My home state of Massachusetts can claim to be the first in many things in this country. The Boston Commons was the first public park. Boston Latin, not surprisingly also in Boston, was the first public school. Boston is also home to the first free municipal library and the first underground metro. The first modern World Series of baseball was played in Boston. These are just a few examples of the many ‘firsts’ that Massachusetts can claim.
However, there’s one troubling area where Massachusetts lags nearly all 50 States - public access to government records.
With any luck this week, Massachusetts will become the 47th state to pass a bill that updates Massachusetts’ antiquated public access laws by, among other things, requiring courts to award attorney’s fees to those wrongly denied access to public records.
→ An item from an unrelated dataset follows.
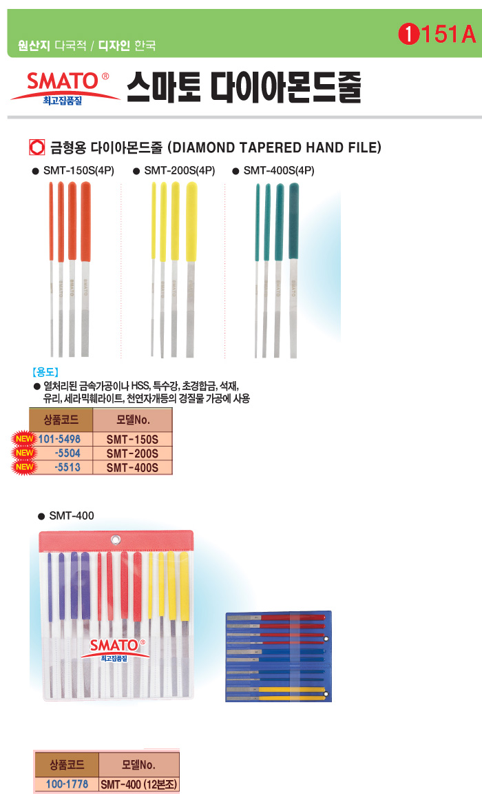 [½º¸¶Åä]±ÝÇü¿ë ´ÙÀ̾Ƹóµå ÁÙ 4°³x3Á¾¼¼Æ®:ÃÑ12°³(SMT-400)(Diamond Tapered Hand File)

The proposed bill also sets clear timetables for agencies and localities to produce records and would limit to $25 an hour the fees that can be charged for responding to public record requests. It also requires agencies to make documents available electronically — also further cutting down on costs to respond to requests. And eventually, it requires state agencies to post the most frequently requested records online.
While opponents fear the burden that this law may place on city, town and court clerks, they really have nothing to fear at all. With all the new advancements made in text analysis technologies, there are now systems available that can nearly fully automate the tasks — classifying, indexing and redacting documents —that previously stood in the way of providing access to records in response to information requests.